3.10. İstatistiksel analiz
Tüm veriler ortalama ± SEM olarak sunulmuştur. Veriler, tedaviler arasındaki farklar için tek yönlü varyans analizi (ANOVA) ile analiz edildi ve ardından Bonferroni post-hoc testi yapıldı. p < 0.05="" değeri="" istatistiksel="" olarak="" anlamlı="" kabul="">
4. Sonuçlar
Özetle, bu çalışmanın bulguları, BHCP'nin -MSH ile indüklenen B16F10melanositlerde melanin biyosentezi için anahtar bir enzim olan tirozinazın inhibisyonu yoluyla cilt beyazlatma etkisine sahip olduğunu göstermiştir.
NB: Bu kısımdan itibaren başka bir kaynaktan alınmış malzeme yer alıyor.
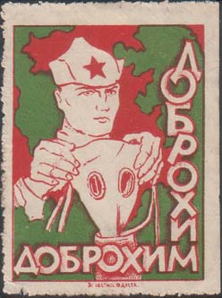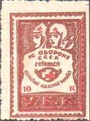 1932 г. Разм. рамки 25 х 35 мм. Двухцветная печать на бумаге различных цветов и качества. Нерегулярная зубц. В центре сверху головы красноармейца и санитарки. В центре на картуше красный крест и текст на украинском языке в четыре строки: «К обороне страны готовься. Одесский областной комитет». Вн…
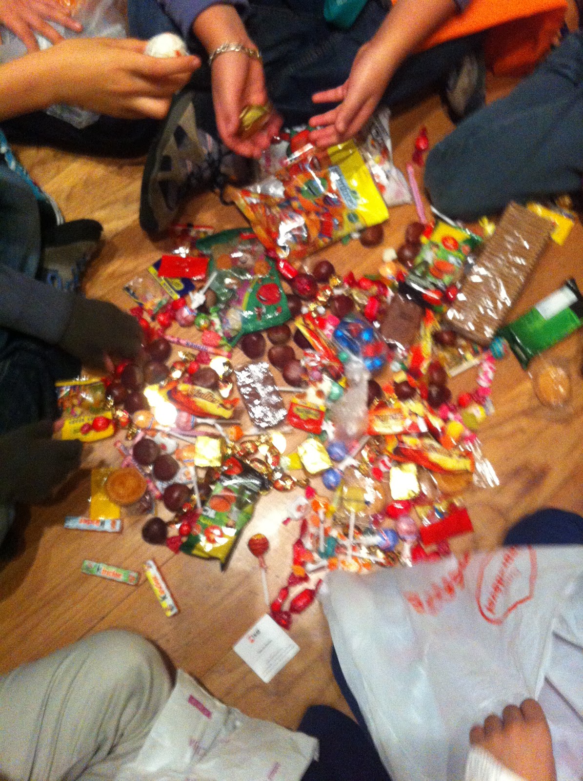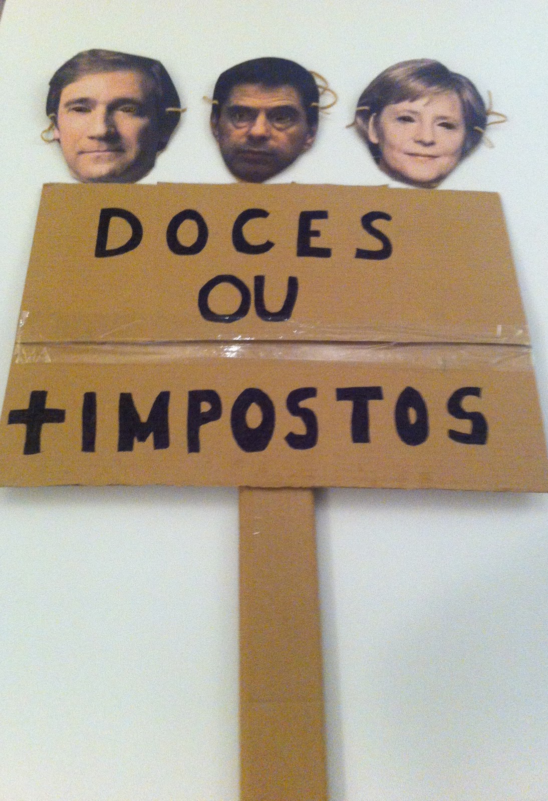 Nós acompanhámos os miúdos mas ficámos, como sempre, nas escadas. Pudémos, por isso, ouvir os comentários e as gargalhadas de alguns vizinhos do nosso prédio e prédios próximos. Houve um senhor que exclamou, horrorizado: «Eh pá, tira-me essa cara que ainda vais apanhar hoje!» Enfim, houve reacções hilariantes. O resultado foi bem menos rico que os anos anteriores. Os miúdos (que eram sete) desabafaram: «A crise está mesmo bera! Nem os doces escapam!»
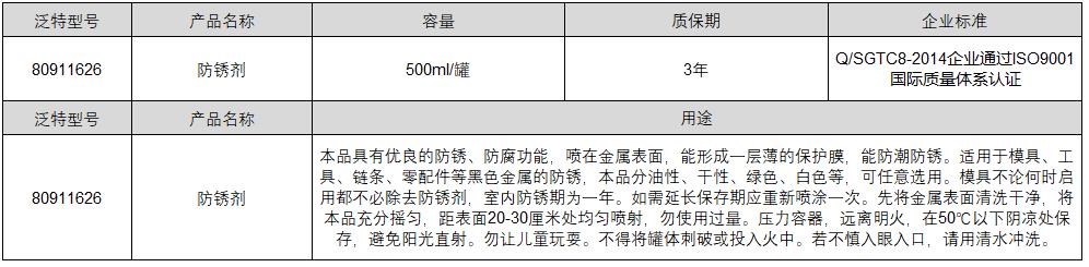 ·本品具有优良的防锈、防腐功能,喷在金属表面,能形成一层薄的保护膜,能防潮防锈。 ·适用于模具、工具、链条、零配件等黑色金属的防锈,本品分油性、干性、绿色、白色等,可任意选用。 ·模具不论何时启用都不必除去防锈剂,室内防锈期为一年。如需延长保存期应重新喷涂一次。 ·先将金属表面清洗干净,将本品充分摇匀,距表面20-30厘米处均匀喷射,勿使用过量。 ·压力容器,远离明火,在50℃以下阴凉处保存,避免阳光直射。 ·勿让儿童玩耍。不得将罐体刺破或投入火中。若不慎入眼入口,请用清水冲洗。
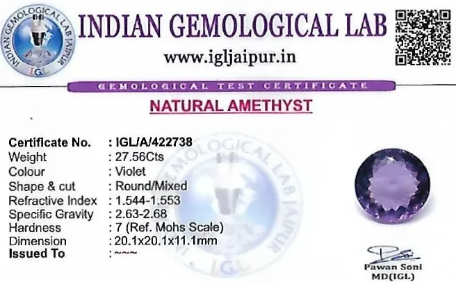Natural Amethyst 20x20 MM weighing - 1 carats in Round shape from Brazil

Ayrıca BHCP, kırışıklık önleyici etkiye sahip olması beklenen UV kaynaklı fibroblastlarda MMP protein seviyelerinin ekspresyonunu azalttı. BHCP'nin beyazlatma ve kırışıklık karşıtı etkilerini hayvan ve klinik çalışmalar yoluyla doğrulamak için daha fazla araştırmaya ihtiyaç vardır. Son olarak, BHCP'nin hem beyazlatıcı hem de kırışık önleyici etkilere sahip olduğu belirlendi, bu da hiperpigmentasyon ve buruşma ile bağlantılı hastalıklar için terapötik ajanların geliştirilmesi potansiyelini gösteriyor.